ABSTRACT
Introduction: Calcium channel blockers (CCBs) comprise a heterogeneous group of medications that reduce calcium influx and attenuate cellular hyperactivity. Evidence of hyperactive intracellular calcium ion signaling in multiple peripheral cells of patients with bipolar disorder, calcium antagonist actions of established mood stabilizers, and a relative dearth of treatments have prompted research into potential uses of CCBs for this common and disabling condition.
Areas covered: This review provides a comprehensive overview of intracellular calcium signaling in bipolar disorder, structure and function of calcium channels, pharmacology of CCBs, evidence of efficacy of CCBs in bipolar disorder, clinical applications, and directions for future research.
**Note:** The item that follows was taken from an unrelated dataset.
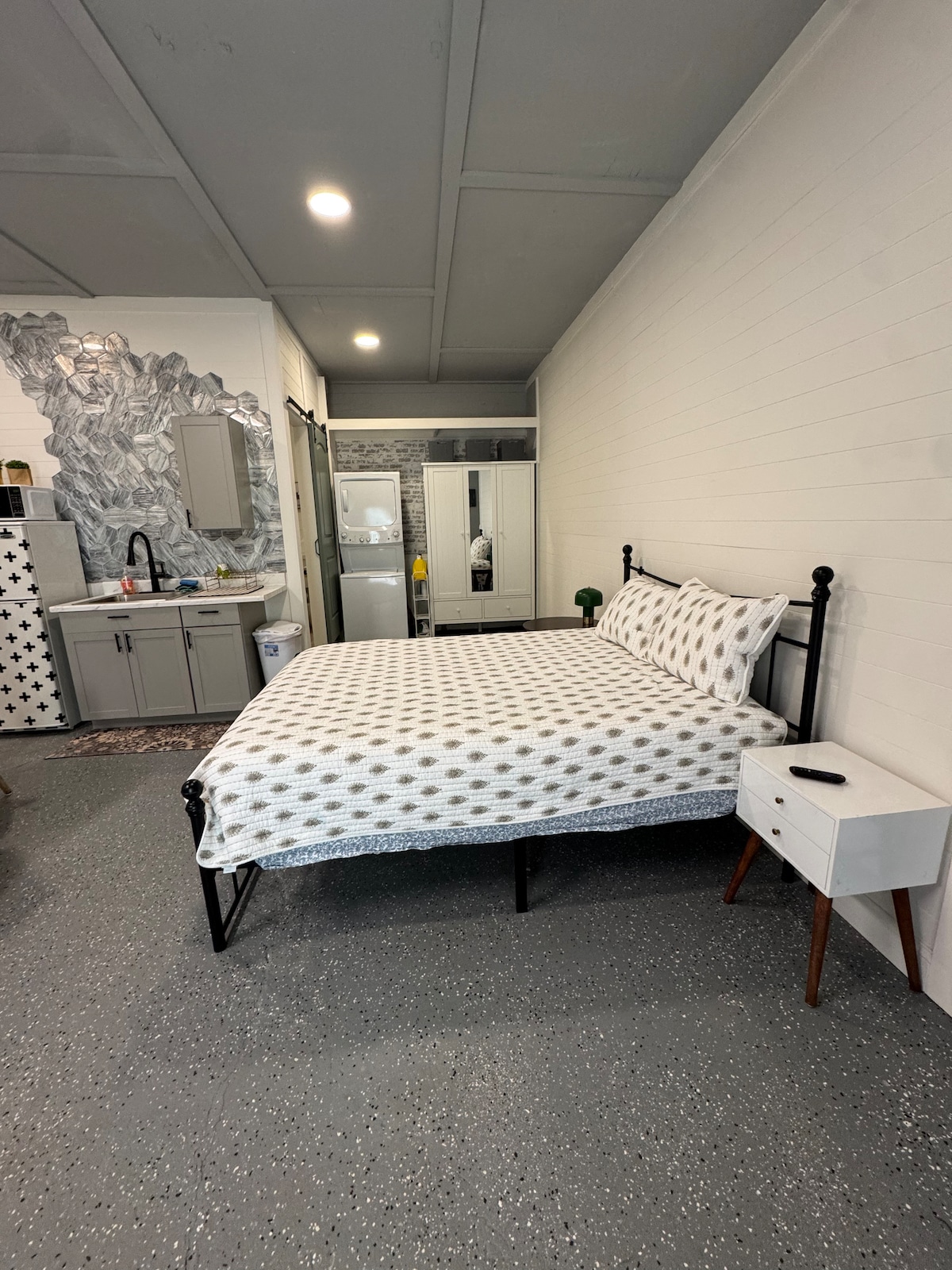 7,5 dönümlük arazideki tenha stüdyo sığınağınıza ulaşmak için ağaçlarla çevrili uzun bir çakıl yolda araba sürdüğünüzü hayal edin. Tepenin içine inşa edildiği için neredeyse görünmeyen özel verandaya sahip bu 1/bd 1/ba stüdyo, huzurlu ve dingin bir kaçış sunuyor. Günlerinizi gölette balık tutarak, ateş çukurunda rahat bir ateşin tadını çıkararak, kurbağaların korosunu dinleyerek veya 7,5 dönümlük geniş alanı keşfederek geçirin. Tüm bu huzur Trilith, Tyrone, PTC, Piedmont Hastanesi, Senoia ve Fayetteville'den arabayla sadece 7 dakika uzaklıktadır.

Expert opinion: Despite mixed evidence of efficacy, CCBs are a promising novel approach to a demonstrated cellular abnormality in both poles of bipolar disorder. Potential advantages include low potential for sedation and weight gain, and possible usefulness for pregnant and neurologically impaired patients. Further research should focus on markers of a preferential response, studies in specific bipolar subtypes, development of CCBs acting preferentially in the central nervous system and on calcium channels that are primarily involved in neuronal signaling and plasticity.
Article highlights
Dysregulated intracellular calcium ion signaling has been reported in peripheral and neuronal cells from patients with bipolar mood disorders;
Calcium channel gene alleles have been linked to bipolar mood disorders;
Established mood stabilizers such as lithium and carbamazepine have calcium antagonist properties;
The calcium channel antagonists verapamil and nimodipine have been found to have mood stabilizing properties. Isradipine also may have mood stabilizing effects. A number of small positive controlled studies and a few negative studies have been reported;
Advantages of calcium channel blockers as potential treatments for bipolar mood disorders include minimal sedation and weight gain, lack of need for laboratory monitoring, and a more favorable profile during pregnancy. However, they require more frequent dosing than standard mood stabilizers;
Some calcium channel blockers (e.g., those acting on P or Q channels) may be more specifically effective in mood disorders;
Research is needed into profiles that predict a possible response to a calcium channel blocker such as calcium channel binding profiles, increased free intracellular calcium concentration in peripheral cells, or clinical features
Declaration of interest
S Dubovsky has received research support from the Tower Foundation, the Patrick Lee Foundation, Janssen, Otsuka, Neurim, Neurocrine, and Allergan. The authors have no other relevant affiliations or financial involvement with any organization or entity with a financial interest in or financial conflict with the subject matter or materials discussed in the manuscript.
Reviewer disclosures
Peer reviewers on this manuscript have no relevant financial or other relationships to disclose.